In this Special Issue, Otani et al. [14] reviewed CTEPH, a condition where an organic thrombus persists in the pulmonary artery despite over three months of anticoagulation therapy, leading to right-sided heart failure and potentially fatal outcomes. CTEPH, characterized by pulmonary artery stenosis and occlusion from organized thrombi, results in progressive pulmonary vascular disease and a poor prognosis if untreated. The standard treatment, PEA, is typically offered in specialized centers and is recommended for operable cases. Recently, BPA and drug therapies, such as riociguat, have shown promising results. The review highlights the complex pathogenesis of CTEPH, involving inflammatory cytokines and coagulation abnormalities, and emphasizes the importance of early detection and intervention to improve prognosis. While PEA remains the curative standard, the increasing success of BPA and drug therapy offers hope for inoperable cases. Future advancements are anticipated to further improve outcomes in CTEPH treatment [14].

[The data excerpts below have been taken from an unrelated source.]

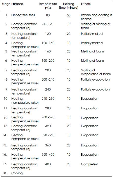 Coated patterns are kept in a furnace at high temperature directly, then shrinkage rate will be fast and forms crack in shell. This problem can be minimized with the help of preheating and slow rise in temperature. The effects on shell, produced by foam removal process, have been investigated for each stage which are given in Table 3.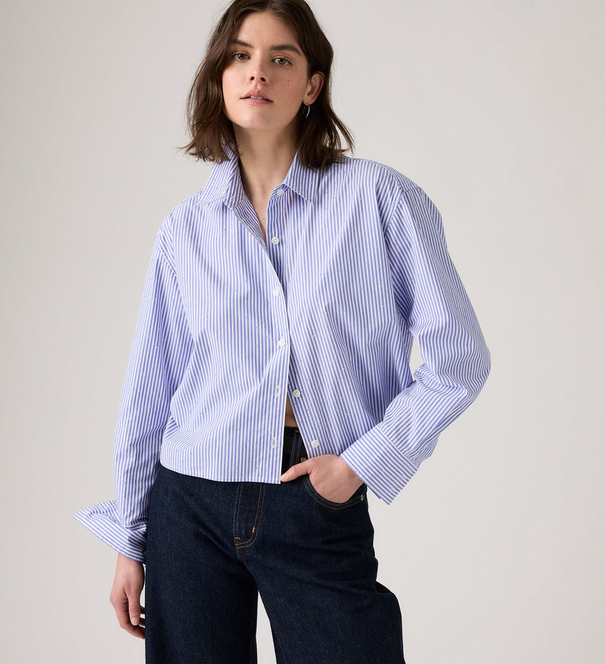 Not your average button-up. This Cropped Harlie Shirt features a sleek collar, a just-right relaxed fit and a button-up front.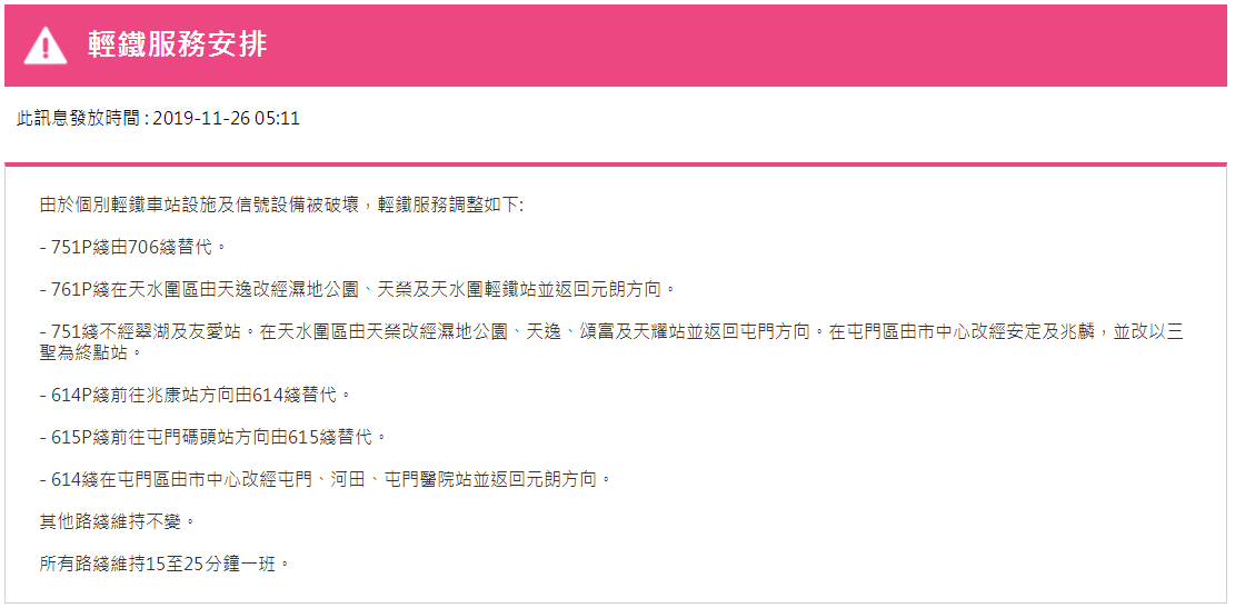 據(jù)港鐵消息,11月26日,香港地鐵各線(機(jī)場(chǎng)快線除外)、輕鐵及港鐵巴士的服務(wù)將于晚上11:30時(shí)結(jié)束。大學(xué)站繼續(xù)關(guān)閉,列車不停大學(xué)站。個(gè)別車站出入口也會(huì)暫時(shí)關(guān)閉。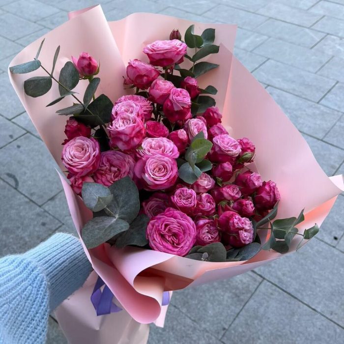 кустовые пионовидные розы ж – 13 шт. Упаковка дизайнерская – 1 шт. Открыточка с вашими пожеланиями – 1 шт. инструкция по уходу за цветами – 1 шт.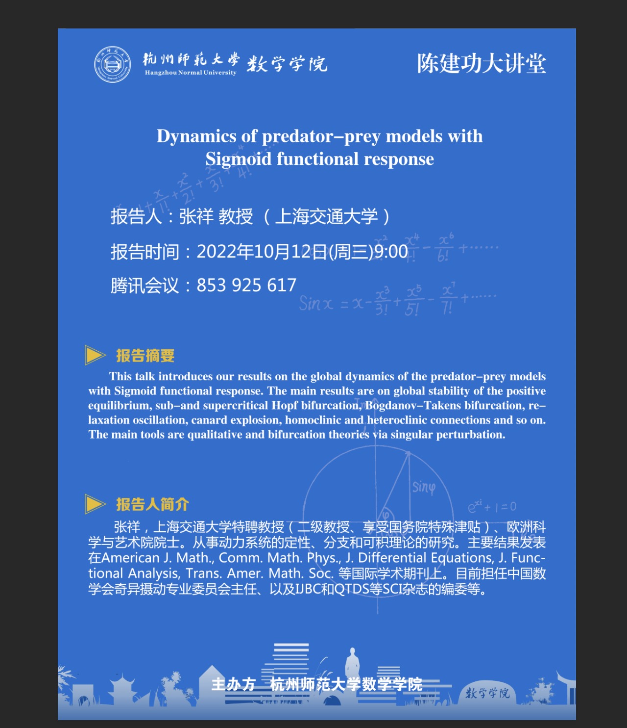陈建功大讲堂:Dynamics of predator-prey models with Sigmoid functional response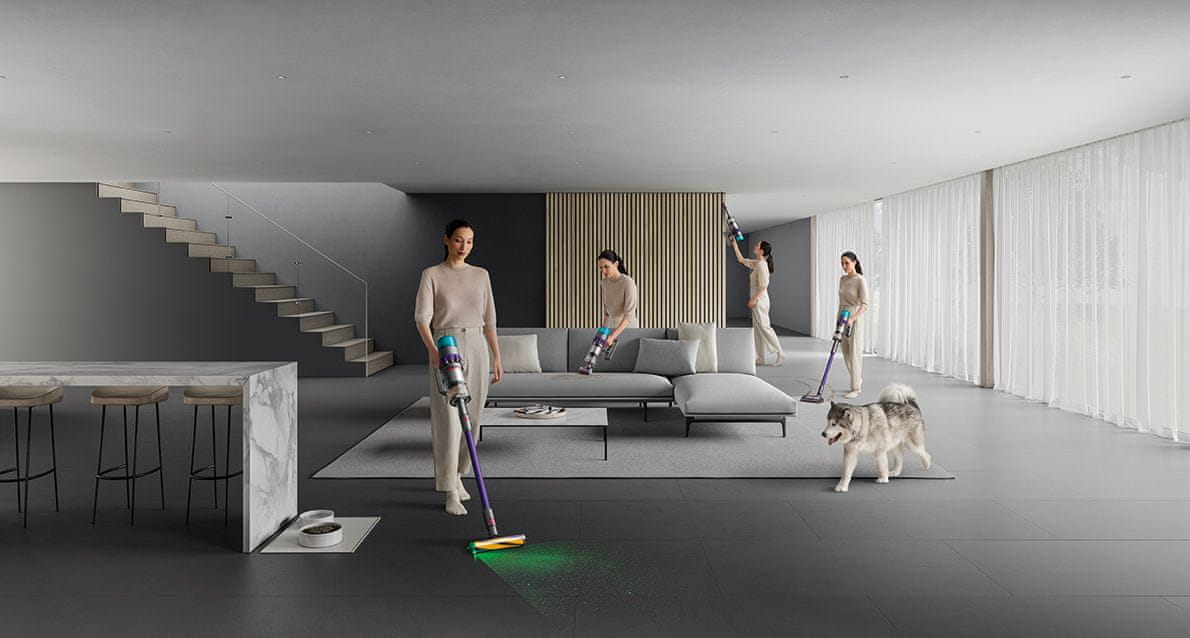 Sesalnik Dyson Gen5detectTM z najdaljšim časom delovanja doslej lahko temeljito očisti celoten dom. Je dovolj vsestranski za sesanje težko dostopnih mest pod kavčem, med stopnicami in visoko na policah.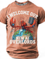 Herr-t-shirt med öppen klo, hummerkung, jag välkomnar våra nya AI-överherrar, jordklot, AI-agent, teknik, nördig programmerare, grafik, normal passform, fritidskläder, vardagskläder, designerkläder,

Despite advancements of pulmonary vasodilators (with various side effects [15]) over the past two decades, PAH and CTEPH remain serious conditions with significant morbidity and mortality [16]. To date, no treatments directly addressing the underlying causes of pulmonary arteriopathy have been developed. However, new therapeutic targets have emerged, with some progressing to market availability and clinical application. We earnestly hope for continued research into the etiology of PAH and CTEPH, leading to the establishment of fundamental treatments.